> _Exercise instructions_: Leaving out the images, reproduce every line of the data that follows exactly.

> _Data block_:

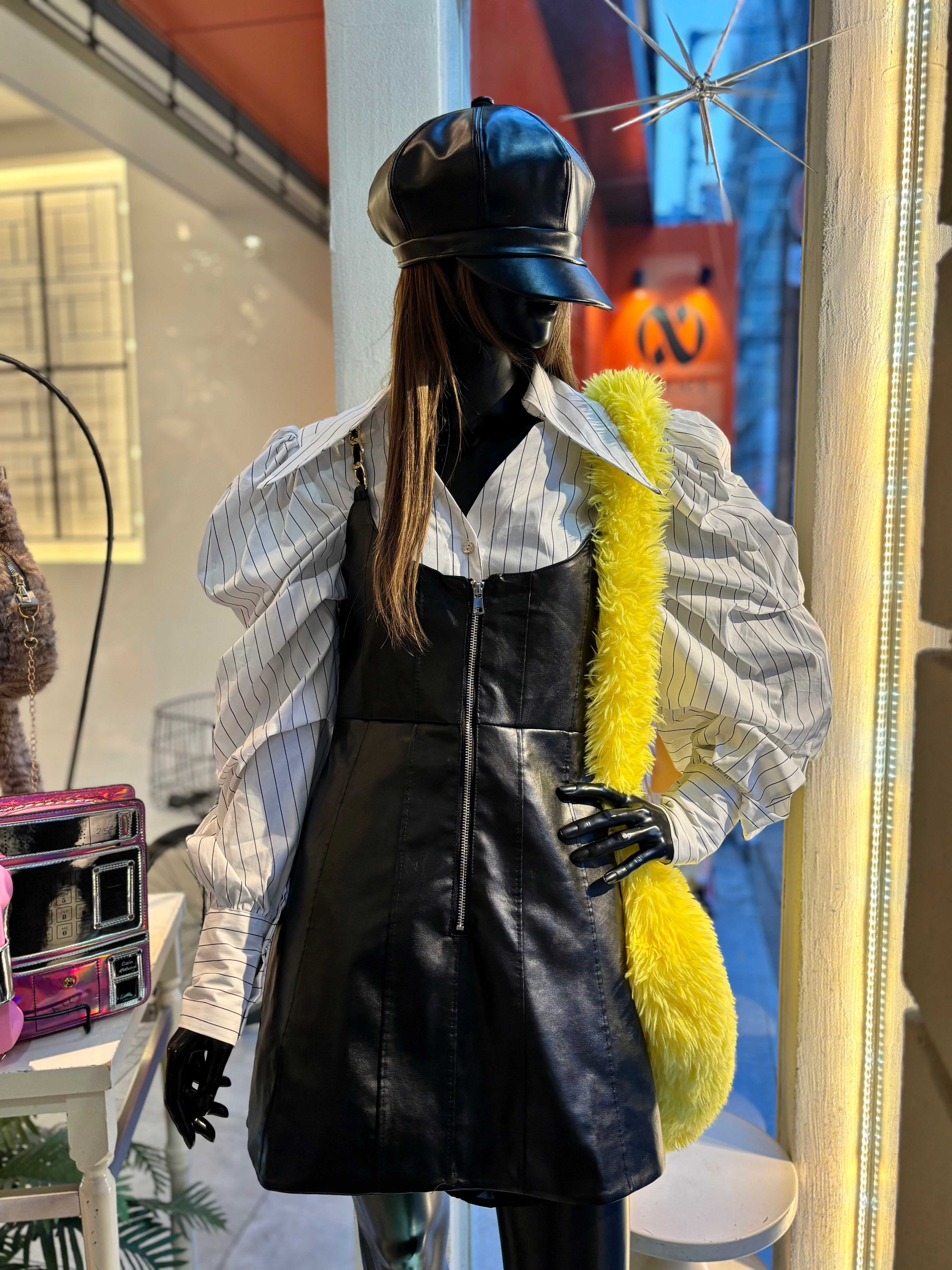 eco leather × gold chain strap tunic チュニック エコレザー 合皮 ゴールド チェーン ミニ ブラック 黒 重ね着
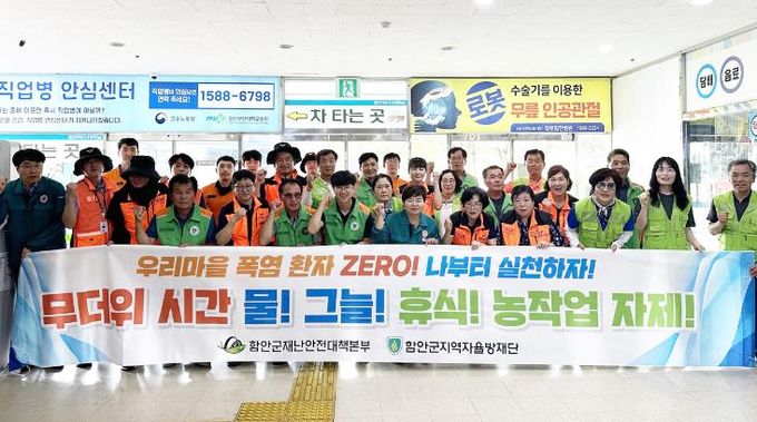 이날 방재단원과 공무원 30여 명은 유동 인구가 많은 함안버스터미널에서 군민들을 대상으로 열사병 예방을 위한 3대 기본수칙을 홍보했다.
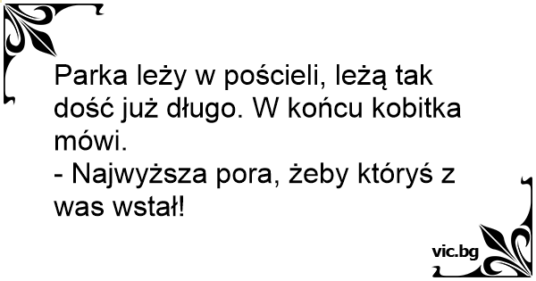 Parka leży w pościeli, leżą tak dość już długo. W końcu kobitka mówi.

> _Solution to this problem_:
 eco leather × gold chain strap tunic チュニック エコレザー 合皮 ゴールド チェーン ミニ ブラック 黒 重ね着
 이날 방재단원과 공무원 30여 명은 유동 인구가 많은 함안버스터미널에서 군민들을 대상으로 열사병 예방을 위한 3대 기본수칙을 홍보했다.
 Parka leży w pościeli, leżą tak dość już długo. W końcu kobitka mówi.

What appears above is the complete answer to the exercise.